是的,我能想到的一个用例是当您对同一批次中的不同样本进行填充时,因此可以将掩码设置为忽略这些填充。
您的具体情况:口罩必须是
。批次中每个项目的掩码可以相同。(batch_size, 4, 4)
batch_size = 5
query = keras.Input(shape=(4, 3))
mask_tensor = keras.Input(shape=(4, 4))
#keras layer
mha = keras.layers.MultiHeadAttention(num_heads=1, key_dim=3)
output = mha(query=query, value=query, attention_mask=mask_tensor, return_attention_scores=True)
#Create a model
model = keras.Model([query, mask_tensor], output)
#random query and mask. Note the mask needs to be (1:attention or 0:no attention)
queries = tf.random.normal(shape=(batch_size, 4, 3))
mask_data = tf.random.uniform(maxval=2, shape=(batch_size, 4, 4), dtype=tf.int32)
#calling the model
values, attn_weights = model.predict([queries, mask_data])
#attm_weights.shape
(5, 1, 4, 4)
经过一番研究并查看了几个变压器模型示例后,这为我解决了问题。
TransformerBlock
图层mask
的 call
方法中添加 TransformerBlock
参数并在那里重塑它。Masking
之前添加一个
TransformerBlock
代码:
class TransformerBlock(layers.Layer):
def __init__(self, head_size, num_heads, ff_dim, ff_dim2, rate=0.1):
super().__init__()
self.att = layers.MultiHeadAttention(num_heads=num_heads, key_dim=head_size)
self.layernorm1 = layers.LayerNormalization(epsilon=1e-6)
self.layernorm2 = layers.LayerNormalization(epsilon=1e-6)
self.dropout1 = layers.Dropout(rate)
self.dropout2 = layers.Dropout(rate)
self.conv1 = layers.Conv1D(filters=ff_dim, kernel_size=1, activation="relu")
self.conv2 = layers.Conv1D(filters=ff_dim2, kernel_size=1)
self.supports_masking = True
def call(self, inputs, training, mask=None):
padding_mask = None
if mask is not None:
padding_mask = tf.cast(mask[:, tf.newaxis, tf.newaxis, :], dtype="int32")
out_norm1 = self.layernorm1(inputs, training=training)
out_att = self.att(
out_norm1, out_norm1, training=training, attention_mask=padding_mask
)
out_drop1 = self.dropout1(out_att, training=training)
res = out_drop1 + inputs
out_norm2 = self.layernorm2(res, training=training)
out_conv1 = self.conv1(out_norm2, training=training)
out_drop2 = self.dropout2(out_conv1, training=training)

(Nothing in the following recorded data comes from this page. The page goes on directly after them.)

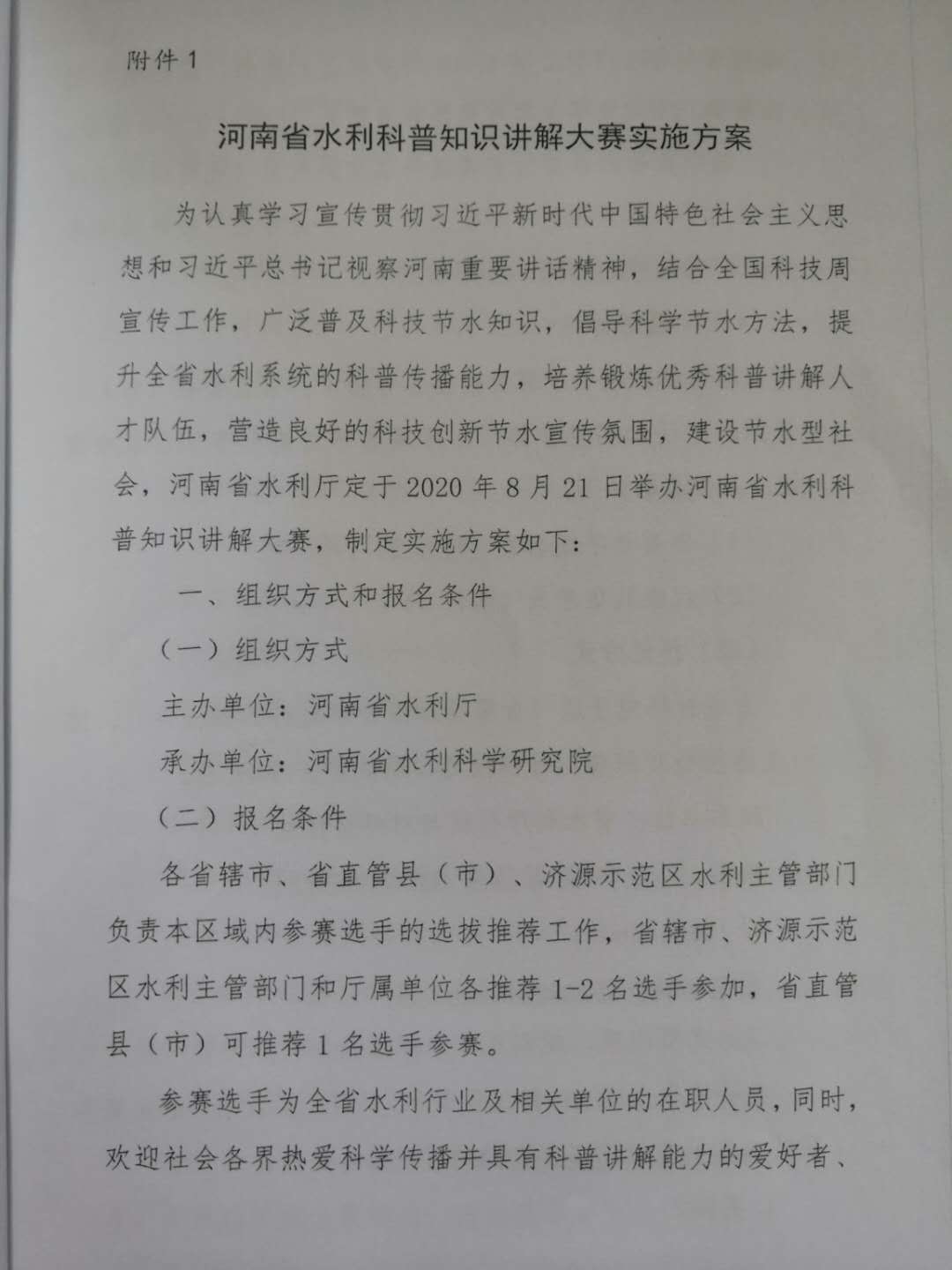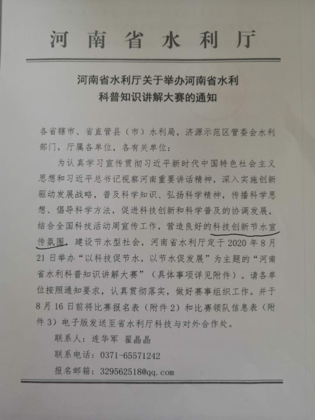 河南省水利厅关于举办河南省水利科普知识讲解大赛的通知
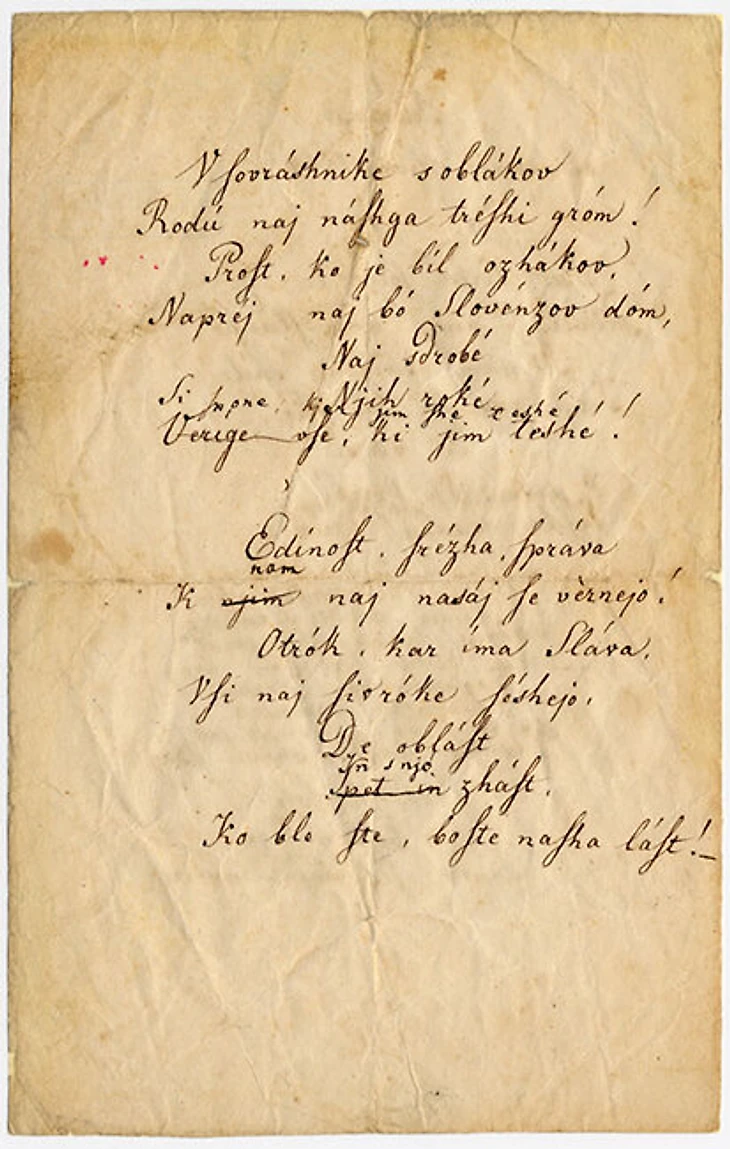 Zdravljica – это такой тост в стихах (в переводе Zdravljica и есть тост), состоящий из 9 строф. С фрагментом первой вы уже знакомы, но официальный текст гимна Словении – только седьмая строфа стихотворения. И она звучит вполне традиционно для гимна.
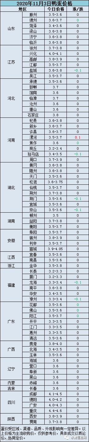 今日蛋价综述:今日鸭蛋市场报价持续下滑。低价区均价3.3元/斤,高价区均价3.6元/斤。

out_conv2 = self.conv2(out_drop2, training=training)
return out_conv2 + res
def build_model(
n_classes,
input_shape,
head_size,
num_heads,
ff_dim,
num_transformer_blocks,
mlp_units,
dropout=0.0,
mlp_dropout=0.0,
mask=None,
) -> keras.Model:
inputs = keras.Input(shape=input_shape)
_x = inputs
if mask is not None:
_x = layers.Masking(mask_value=mask)(_x)
for _ in range(num_transformer_blocks):
_x = TransformerBlock(
head_size,
num_heads,
ff_dim,
inputs.shape[-1],
dropout,
)(_x)
_x = layers.GlobalAveragePooling2D(data_format="channels_first")(_x)
for dim in mlp_units:
_x = layers.Dense(dim, activation="relu")(_x)

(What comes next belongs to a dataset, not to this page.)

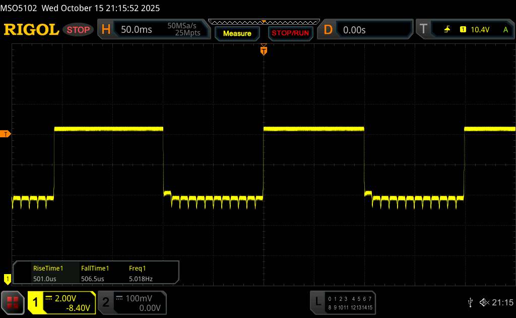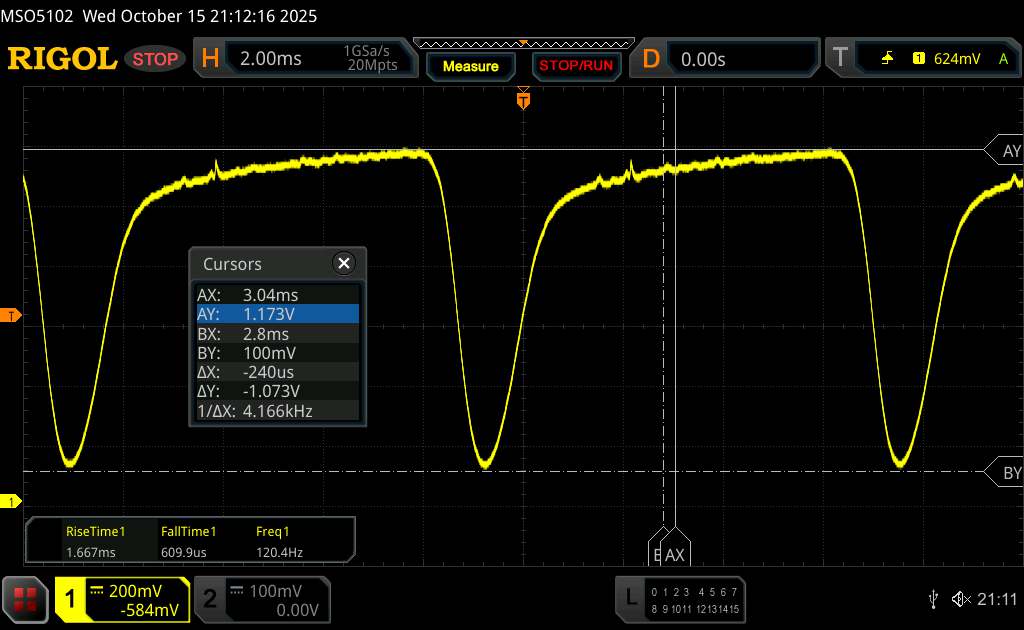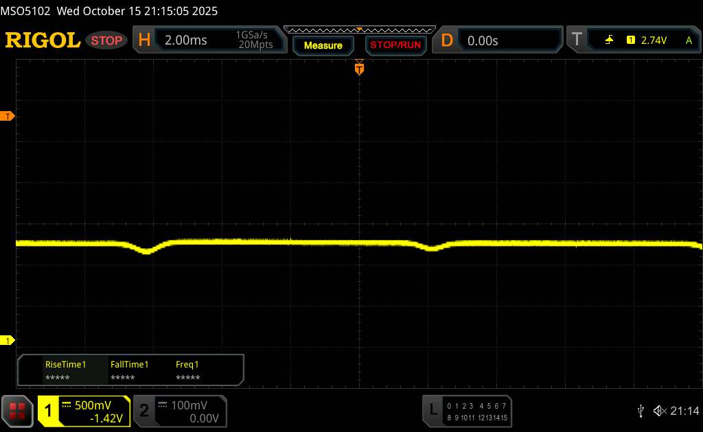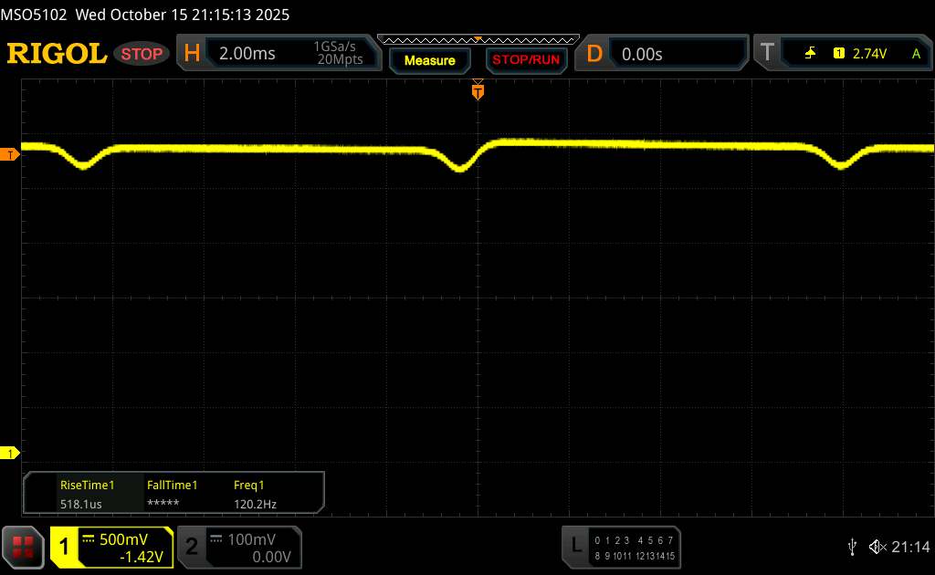 De acordo com as especificações, o 15T Pro usa escurecimento DC. No entanto, sob o osciloscópio, ele mostra, como o Xiaomi 15T, que, na verdade, depende do escurecimento PWM de alta frequência. O painel é geralmente agradável aos olhos, embora os usuários sensíveis ainda possam sentir um leve desconforto.

_x = layers.Dropout(mlp_dropout)(_x)
outputs = layers.Dense(n_classes, activation="softmax")(_x)
return keras.Model(inputs, outputs)
你好,我是人工智能的新手,也正在经历这个使用变压器块进行时间序列分类的示例。
除了填充问题之外,我可以问为什么它在 GlobalAveragePooling2D 层中使用“channels_first”而不是“channels_last”吗?
我有一个像你一样的二维数据,并将其重塑为(批次,高度,宽度,1)。 “channel_first”的准确率高达 9X%,但“channel_last”则不然。
Keras 示例 使用 1D 数据,使用“channel_last”,但也会导致精度较差。